- [EXERCISE INSTRUCTIONS]:
An exact copy of the data is needed, one that excludes all pictures.

DATA BELOW: Begin

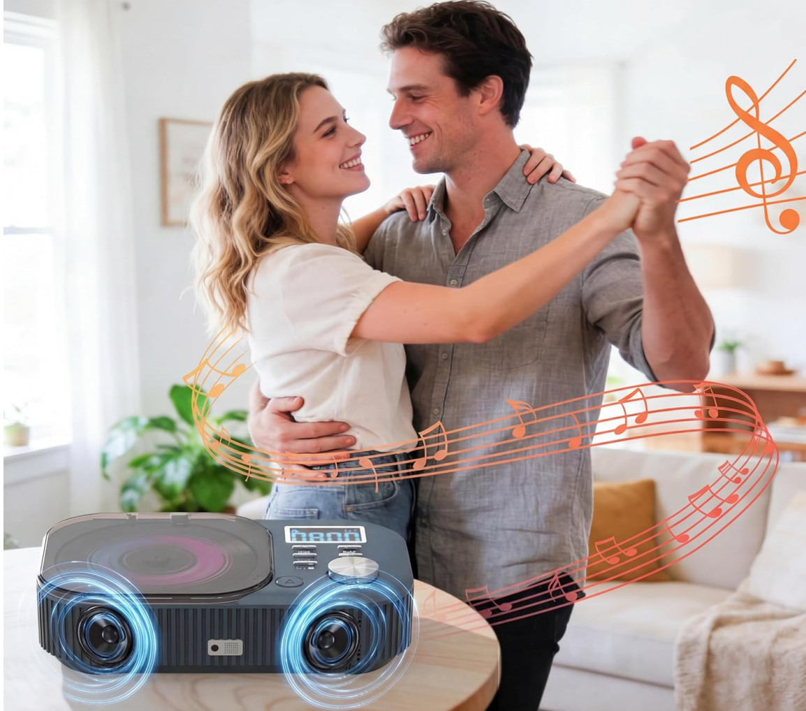
Image: Play modes and compatible formats.

Dual 3W speakers deliver crystal-clear stereo sound with punchy bass for any vibe.
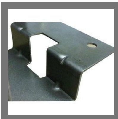
Sheet Metal Components
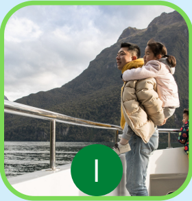
Cruise Milford Sound

DATA BELOW: End

- [COMPLETED EXERCISE]:
Image: Play modes and compatible formats.

Dual 3W speakers deliver crystal-clear stereo sound with punchy bass for any vibe.
Sheet Metal Components
Cruise Milford Sound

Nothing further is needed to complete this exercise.